Abstract
Background
Microorganisms may invade the blood stream by oral routes through surgical procedures like extractions, fractured teeth and periodontal pockets. The incidence of bacteremia is 70–80 % following tooth extraction, sub gingival scaling and intra ligament injection.
Aims and Objectives
Aim of study was to evaluate and compare the efficacy of two topical antimicrobial agents for the prevention of post-surgical bacteremia during mandibular third molar surgery. And objectives were to suggest need of proper topical antimicrobial agents and select proper antibiotics before oral surgical procedures in high risk cardiac patients.
Materials and Methods
Thirty patients with Class 1, Position B mesioangular impacted mandibular third molar were randomly included in study and divided into 3 groups, each group containing 10 patients. Group I; sterile water group, Group II: povidone-iodine (5 %) group, Group III: chlorhexidine (Q, 2 %) group, pre and post-surgical blood samples were collected and Microbiological analyses of the blood samples were done. The organisms were identified by standard method on grams staining and identification of bacterial species by biochemical tests.
Results
The clinical parameters like oral hygiene index simplified and periodontal index of Russel showed that all patients in three groups had fair oral hygiene with simple gingivitis on mean. In some individuals with slightly higher OHIS and PI scores, bacteremia was noted. All the pre surgical blood samples were negative for the growth of bacteria after 7 days of culture. In total 30 patients, 12 subjects had postoperative bacteremia. Out of those 12 patients 6 cases (60 %) of group I showed positive bacterial growth in the post surgical blood sample, while 4 cases in group III and 2 cases (20 %) in group II showed the same.
Conclusion
Use of povidone-iodine and chlorhexidine prior to the oral surgical procedures decreases the incidence of bacteremia as compared to sterile water irrigation. Povidone-iodine significantly reduces the incidence bacteremia and number of organisms compared to chlorhexidine and sterile water.

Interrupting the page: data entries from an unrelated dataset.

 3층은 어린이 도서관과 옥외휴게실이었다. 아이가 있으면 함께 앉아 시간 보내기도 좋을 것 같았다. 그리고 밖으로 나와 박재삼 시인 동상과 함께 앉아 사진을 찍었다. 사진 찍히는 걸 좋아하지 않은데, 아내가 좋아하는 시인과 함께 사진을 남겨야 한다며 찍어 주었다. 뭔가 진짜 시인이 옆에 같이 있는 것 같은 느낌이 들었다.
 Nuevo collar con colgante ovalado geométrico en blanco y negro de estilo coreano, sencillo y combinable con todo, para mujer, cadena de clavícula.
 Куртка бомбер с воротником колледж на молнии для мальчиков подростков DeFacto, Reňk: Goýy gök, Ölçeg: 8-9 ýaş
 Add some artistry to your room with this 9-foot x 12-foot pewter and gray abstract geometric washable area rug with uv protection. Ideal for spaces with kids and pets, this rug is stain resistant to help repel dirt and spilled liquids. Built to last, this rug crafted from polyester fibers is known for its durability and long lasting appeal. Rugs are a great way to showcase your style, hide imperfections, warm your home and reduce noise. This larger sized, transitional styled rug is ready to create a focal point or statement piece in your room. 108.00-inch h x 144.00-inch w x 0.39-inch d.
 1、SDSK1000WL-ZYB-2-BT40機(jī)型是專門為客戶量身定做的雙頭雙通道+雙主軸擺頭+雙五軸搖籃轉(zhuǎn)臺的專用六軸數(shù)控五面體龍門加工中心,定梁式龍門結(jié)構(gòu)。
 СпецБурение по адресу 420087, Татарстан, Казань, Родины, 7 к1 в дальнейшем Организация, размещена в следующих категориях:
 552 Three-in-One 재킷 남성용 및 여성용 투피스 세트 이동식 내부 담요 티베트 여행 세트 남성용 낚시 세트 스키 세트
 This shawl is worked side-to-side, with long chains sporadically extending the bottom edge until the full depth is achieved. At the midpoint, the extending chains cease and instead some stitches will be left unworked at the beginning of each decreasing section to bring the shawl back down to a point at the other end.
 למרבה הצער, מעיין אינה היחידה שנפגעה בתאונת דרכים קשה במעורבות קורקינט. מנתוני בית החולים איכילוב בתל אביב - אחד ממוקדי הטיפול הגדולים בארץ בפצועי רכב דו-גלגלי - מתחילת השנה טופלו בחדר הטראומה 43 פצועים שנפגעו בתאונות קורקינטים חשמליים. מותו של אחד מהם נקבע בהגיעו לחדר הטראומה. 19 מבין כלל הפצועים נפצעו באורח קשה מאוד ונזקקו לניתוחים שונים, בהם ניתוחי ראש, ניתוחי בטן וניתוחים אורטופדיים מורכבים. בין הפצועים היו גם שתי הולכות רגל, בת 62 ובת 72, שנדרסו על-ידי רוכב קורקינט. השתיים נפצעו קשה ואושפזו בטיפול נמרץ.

Keywords: Bacteremia, Chlorhexidine, Oral surgery, Povidone iodine, Third molar surgery
Introduction
The development, implementation and routine use of effective infection control strategies has required a major commitment by health professionals and industry. There have been many advances in equipment, instrument, barrier and chemical technologies in the past few years. Yet, the willingness of health care providers to respond to well documented information on infectious disease risks and recommendations for prevention has been crucial in this recent evaluation of infection control.
Microorganisms may invade the blood stream by oral routes through surgical procedures like extractions, fractured teeth and periodontal pockets. Bacteremia could also be associated with gingival massage, mastication, mobile teeth, oral prophylaxis and other oral manipulations. Thus occurred bacteremia depends on the quality of oral hygiene, periodontal condition and type of treatment rendered. The incidence of bacteremia is 70–80 % following tooth extraction, subgingival scaling and intra ligamental injection [1].
The occurrence of transient bacteremia does not lead to any complications in healthy individuals but in certain individuals with congenital/acquired heart diseases or those fitted with valvular prosthesis; Circulating bacteria may reach defective endocardium and can cause a bacterial endocarditis, as first suggested by Horder in 1909 and later by Lewis Grant in 1923 [2].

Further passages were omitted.